Viendo venir el problema, contestó con evasivas.

–¿Verdad? Verdad, ¿qué? ¿Qué es la Verdad?

Resistiéndose a que desviaran su línea de interrogatorio, el imán farfulló una respuesta mecánica.

–Sach Khuda hai. Khuda hi Sach hai. –La Verdad es Dios. Dios es la Verdad. Era la típica muestra de sabiduría que podía verse pintada en la parte trasera de los camiones que rugían por las autopistas. Entonces, el imán entrecerró sus ojos verdiciegos y preguntó en un susurro verditaimado–:

Dime, cuando muere la gente como tú, ¿dónde os entierran? ¿Quién lava vuestros cuerpos? ¿Quién eleva las plegarias?

Durante un largo rato, Anyum permaneció en silencio. Después, se inclinó hacia delante y contestó también con un susurro nada arbóreo:

–Dígame, imán sahib, cuando las personas hablan de los colores, del rojo, del azul, del naranja, cuando describen el cielo al atardecer o la salida de la luna durante el Ramadán,

¿qué pasa por su mente?

Después de herirse ambos de esa forma tan profunda y casi mortal, se mantuvieron callados, uno junto al otro, sentados sobre la tumba soleada de alguien, desangrándose. Finalmente, fue Anyum quien rompió el silencio.

–Dígamelo usted –dijo–. Usted es el imán sahib, no yo. ¿Adónde van a morir los pájaros viejos? ¿Se precipitan sobre nosotros como piedras caídas del cielo? ¿Tropezamos con sus cadáveres en las calles? ¿No cree que el Todopoderoso, el Omnisciente que nos puso en este mundo habrá hecho los arreglos pertinentes para nuestra partida?

Aquel día la visita del imán concluyó más temprano de lo habitual.

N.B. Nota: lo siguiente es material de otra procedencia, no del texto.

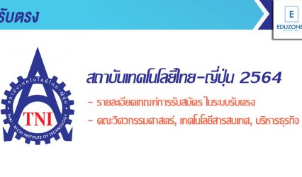 นักเรียนนักศึกษา #รับตรง64 สถาบันเทคโนโลยีไทย-ญี่ปุ่น เปิดรับสมัครนศ.ป.ตรี ประเภท Admissions ตรง ตั้งแต่วันนี้ – 30 มิ.ย. 64 EZ Webmaster May 19, 2021 สถาบันเทคโนโลยีไทย-ญี่ปุ่น เปิดรับสมัครบุคคลเข้าศึกษาระดับปริญญาตรี หลักสูตร 4 ปี ประเภท Admissions ตรง ประจำปีการศึกษา 2564 โดยขยายเวลาเปิดรับสมัครตั้งแต่วันนี้ – 30 มิถุนายน 2564 …
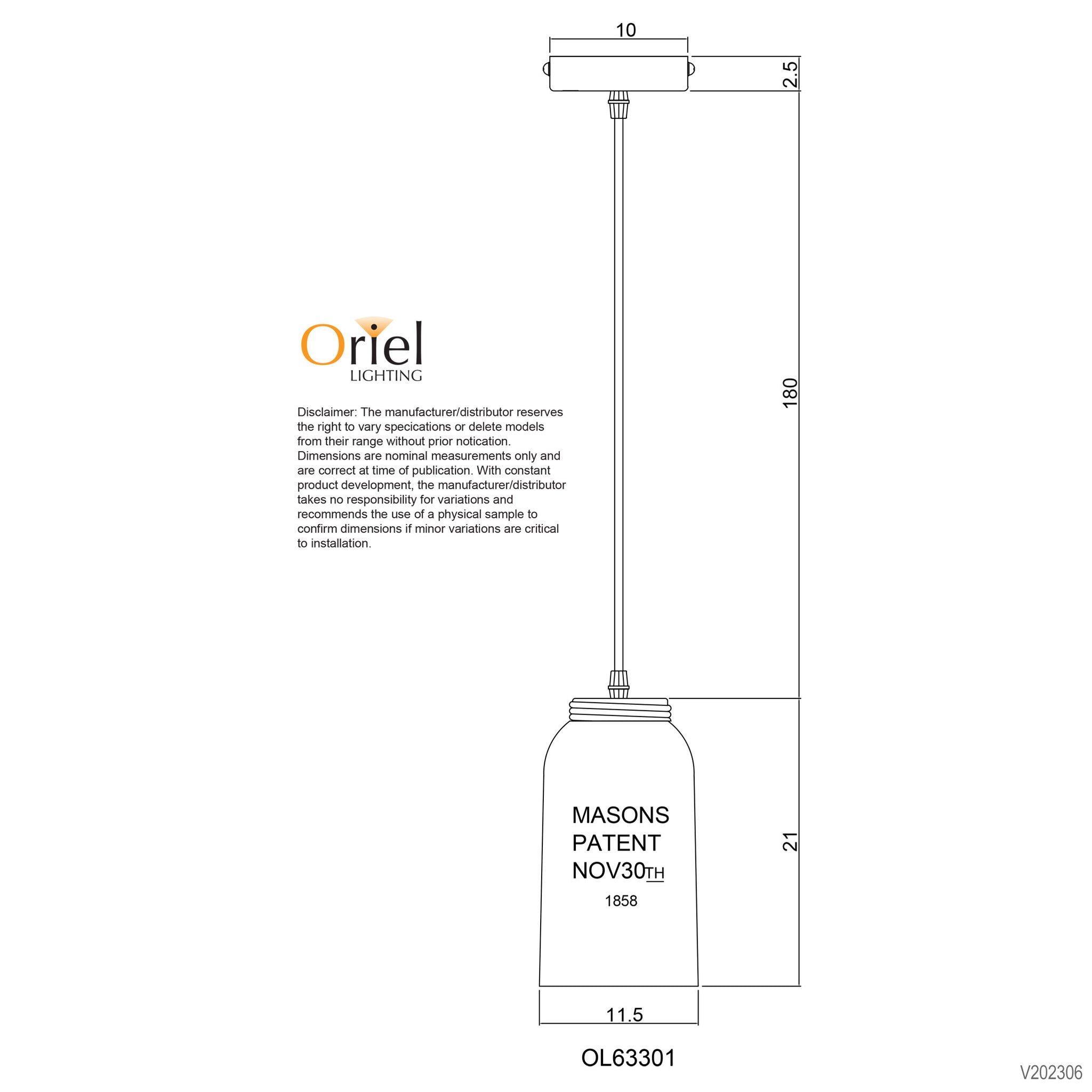 MASON - Vintage Preserving Jar Pendant Clear Glass
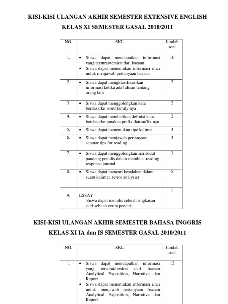 Kisi kisi penulisan soal bahasa inggris kelas x sma/ma semester 1 tahun pelajaran 2015 jenis sekolah : Kisi kisi penilaian akhir semester 1 bahasa indonesia sma ma kelas. Kisi kisi pas bahasa inggris kelas 11 tahun 2019 2020. Kisi kisi ujian nasional smk dan mak 2019 soal bahasa indonesia. Kegiatan uas biasanya dilaksanakan pada bulan desember yang mana setiap guru tentunya harus membuat berbagai persiapan terkait kegiatan ini seperti kisi kisi dan soal.
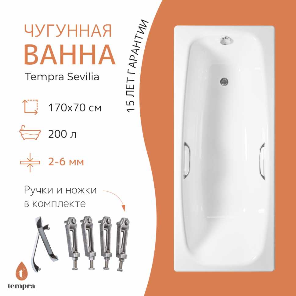 Отзывы о Ванна чугунная Tempra Sevilia (квадратные ручки)
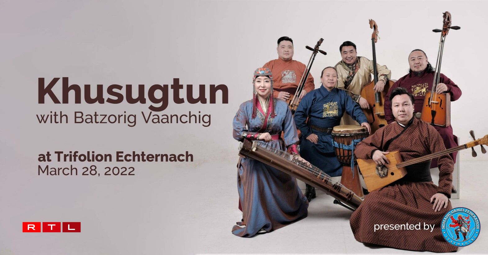 De Mathieu Schiltz bréngt e Méindeg den 28. Mäerz eng mongolesch Folk-Band op Iechternach, déi beim asiatesche Supertalent zweet ginn ass. De President vun der “Nomadic Games Federation Lëtzebuerg” huet d’Museker vun “Khusugtun” 2018 kennegeléiert a souguer mat hinne geüübt, an no villen organisatoresche Schwieregkeeten huet hien et fäerdeg bruecht, déi 6 Museker op Iechternach z’invitéieren. E Méindeg den 28. Mäerz komme si an den Trifolion a suerge fir en aussergewéinleche Concert.
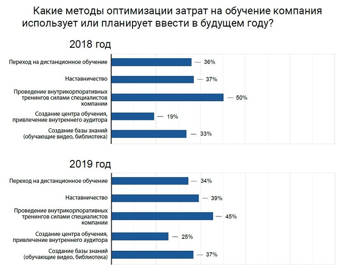 Для оптимизации затрат на обучение и профессиональное развитие персонала в 2020 году компании планируют:
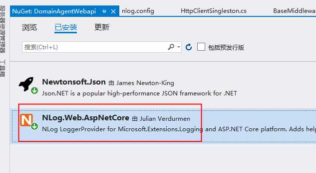 最后是给项目注入NLog的Nuget核心包引用:
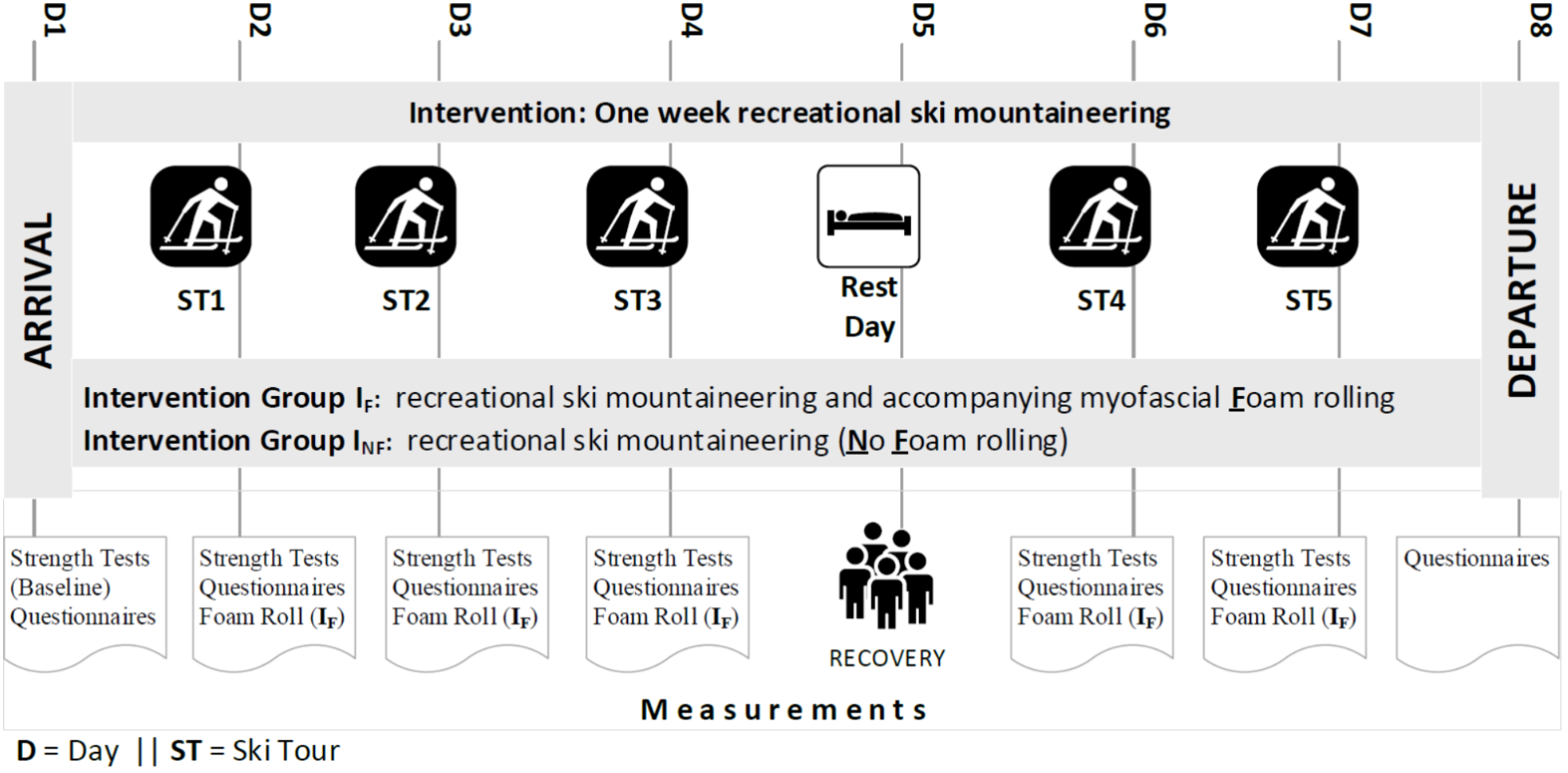 The trial took place at the ski area of the village of St. Johann (659 m above sea level), Tyrol, Austria during 2 weeks in March 2017. Participants performed five ascents and descents within 6 days, including a rest day (day 4). Baseline fluid balance and strength values were assessed on the day of arrival. Participants were subsequently assigned to matched intervention IF (Foam roll = active regeneration with myofascial foam roll) and INF (No Foam roll = no active regeneration) groups based on age, exercise capacity and muscle strength. Additionally, participants were grouped into performance categories (low, middle, high) based on their respective exercise capacity (Wattmax per kilogram body weight and maximum heart rate) after incremental maximal cycle ergometry. Groups were advised to ascend the mountains with a heart rate resembling a submaximal exercise of 70–85% of their maximal heart rate. Thus, the individual cardiopulmonary strain during ski mountaineering should be comparable among all volunteers. Furthermore, all participants were instructed about the routes and safety aspects of ski mountaineering by certified mountain guides (UIAGM). During the vacation, alcohol consumption was limited to an amount equal to one glass of beer (500 ml) per day, to avoid any negative influence on the fluid balance.

Anyum lo observó marcharse, tan-tan-tanteando el camino entre las tumbas, sacando música con su bastón de ciego de las botellas de alcohol vacías y de las jeringuillas usadas que salpicaban su recorrido. No le detuvo. Sabía que volvería. No importaba su complicado disfraz, Anyum reconocía la soledad nada más verla. Tenía la sensación de que, de un modo extraño y tangencial, el imán necesitaba su sombra tanto como ella necesitaba la de él. Y la experiencia le había enseñado que la Necesidad era un almacén que podía acumular una cantidad considerable de crueldad. Aunque la partida de Anyum de la Jwabgah había estado lejos de ser cordial, sabía que no podía revelar unos sueños y unos secretos que no le pertenecían solo a ella.